◆ Problem to work on
An exact copy of all the data is needed, with every picture left out.

◆ Collected data
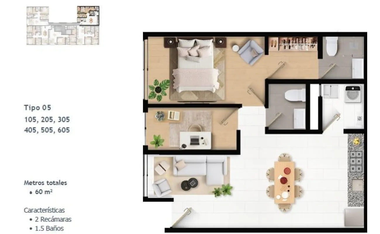 60 m² | 2 recámaras | 1.5 – 2 baños
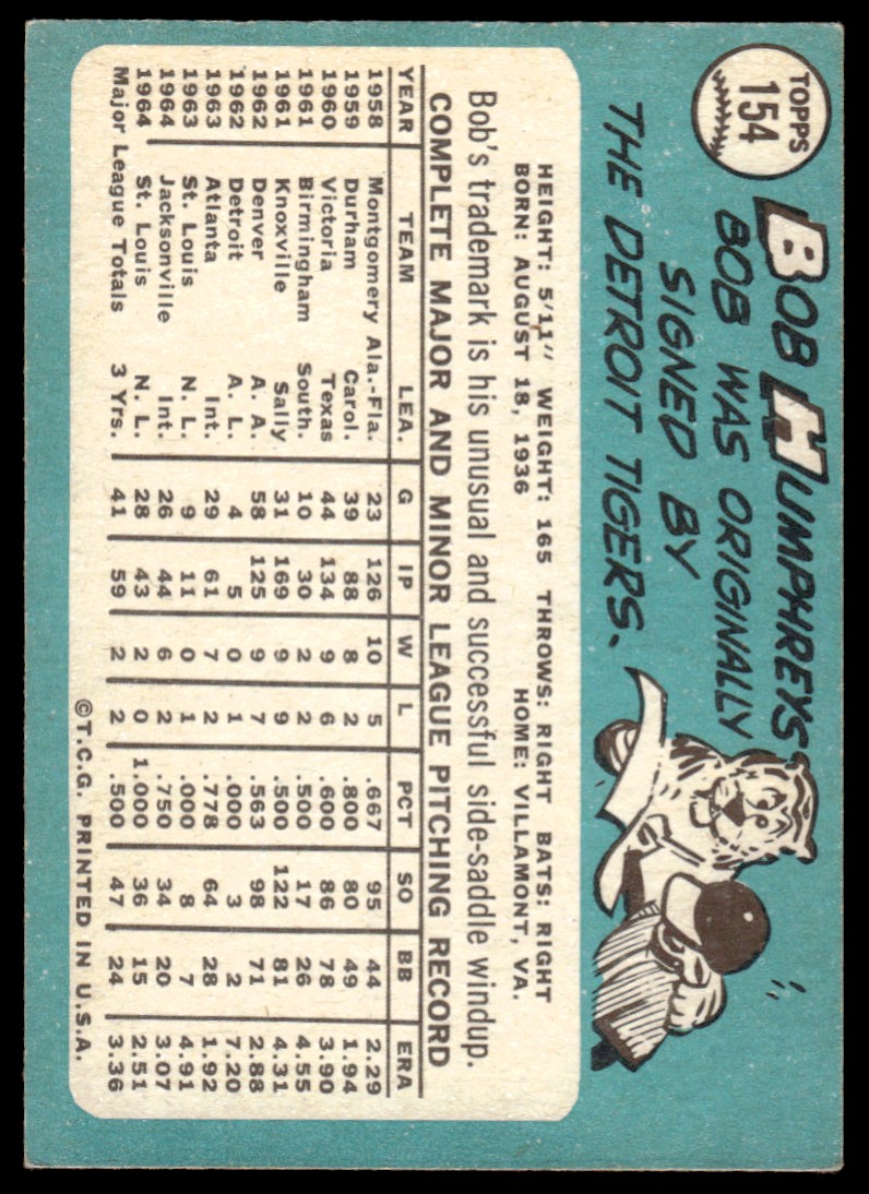 | 1965 Topps 154 Bob Humphreys |
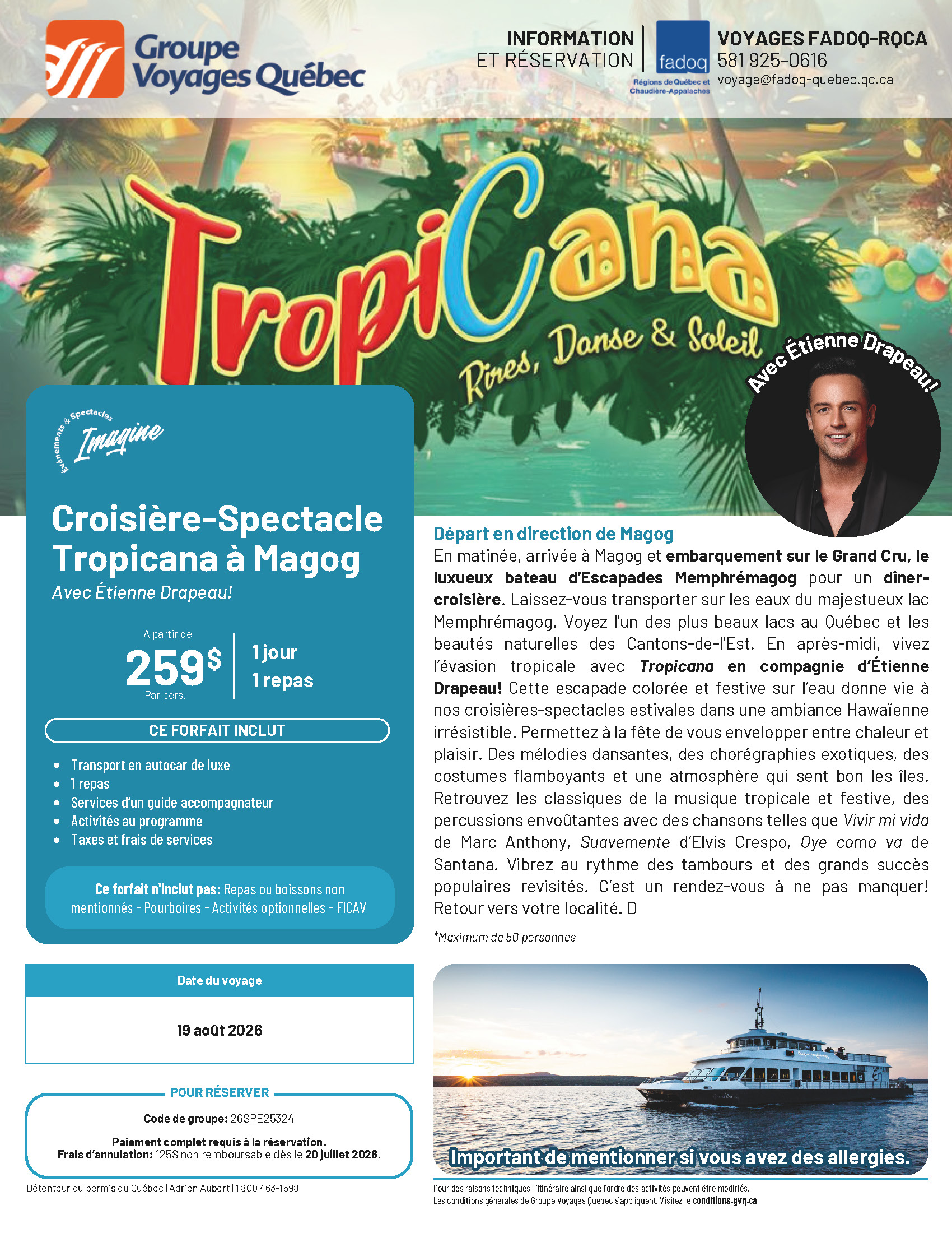 Croisière – Spectacle Tropicana à Magog
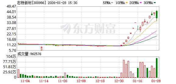 志特新材今日下跌12.99%,全天换手率23.38%,成交额37.40亿元,振幅31.57%。龙虎榜数据显示,机构净卖出6306.60万元,深股通净卖出7595.51万元,营业部席位合计净卖出2.68亿元。

◆ Written solution
 60 m² | 2 recámaras | 1.5 – 2 baños
 | 1965 Topps 154 Bob Humphreys |
 Croisière – Spectacle Tropicana à Magog
 志特新材今日下跌12.99%,全天换手率23.38%,成交额37.40亿元,振幅31.57%。龙虎榜数据显示,机构净卖出6306.60万元,深股通净卖出7595.51万元,营业部席位合计净卖出2.68亿元。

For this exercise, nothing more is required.